Even though I’d done some toy languages before, they were nothing compared to an entirely modern language. I was hoping for new obstacles, and on that front Leaf delivered. It stopped being a hobby and became my motivation.

I solved exciting problems and learned a great deal. Building the type system got me deep into thinking about type theory. It exposed me to unknown corners in the structure of languages. It’s the part I wish I could continue working on. Working through the complexities of memory management at the language level was invigorating. And of course error handling. Wow! That was quite the experience. Getting the block flow correct for LLVM is one of those critical compiler challenges.

It’s those achievements that make my decision extremely hard. How can I take this wonderful thing I’ve built and just set it on the shelf? But I was already feeling that urge over a year ago. Something was missing. I needed to do more with it.

I drove Leaf in the direction to create real programs. Above all theoretical tasks, it should be useful. Earlier this year, I streamed the development of a snake-like game called “Wormies”. It gave meaning to the language. It gave me a way to share the work with others.

Sharing is vitally important. I’ve written several technical articles, but the audience is very limited. Let’s face it, nobody knows who creates the languages we use. Sure, a select few names pop up here and there, but for the most part, the language designers and coders are not known. It’s also upsetting to see somebody like Guido step down from the Python project. The success of a language guarantees you lose control over it.

But I had more immediate problems, I hit a stumbling block in the game development. A missing feature, OOP interfaces, was preventing me from using the language the way I wanted. It jumped to the top of my todo list, but I’ve not been motivated to write it. There’s nothing new for me there. There’s nothing new in the realm of compilers here either. Sure, it isn’t trivial, but it is a lot of straightforward coding with no intrinsic reward.

Even with that step done, there’s an enormous amount of work on the libraries and environment. All required before anybody else could hope to use the language. Unfortunately, it’s everyday work — no challenge and no learning for me.

Maybe I should think about my career. Compiler and language developers are rare breeds, but so are the projects that need them. And would I want to work on yet another language, knowing I’ve already solved the interesting problems?

My personal goals lie more on the creative side. I want to do graphics, write music, make some games and record some videos. I had a plan where I’d create all this in Leaf.
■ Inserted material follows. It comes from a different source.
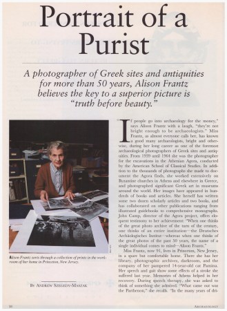 “The M. Alison Frantz Fellowship, formerly known as the Gennadeion Fellowship in Post-Classical Studies, was named in honor of archaeologist, Byzantinist, and photographer M. Alison Frantz (1903-1995), a scholar of the post-classical Athenian Agora whose photographs of antiquities are widely used in books on Greek culture. Frantz donated a large part of her photographic collection to the American School, where is available for research.”

I’d build out the system enough to do these creative projects. But people that want to see the creative stuff don’t care about the language. Limiting myself to Leaf holds back these other projects. Instead of gaining from my language, I’m actually losing out.

That’s a grim conflict. I knew I could get it working, but in what timeframe? I could never afford to work full-time on it. If it were corporate driven, like I have a salary, the situation would be different. I could still pursue my other projects on the side. But as it is, I have too many ideas competing for the little time I have.

It’s damn hard to let go. I’ve invested a lot of time into Leaf, but I begrudgingly admit those are sunk costs. I must evaluate where Leaf stands now relative to my current goals. And, quite unfortunately, pursuing Leaf at this time is not in my best interest.

Maybe I can pretend it’s a hiatus to lessen the emotional blow.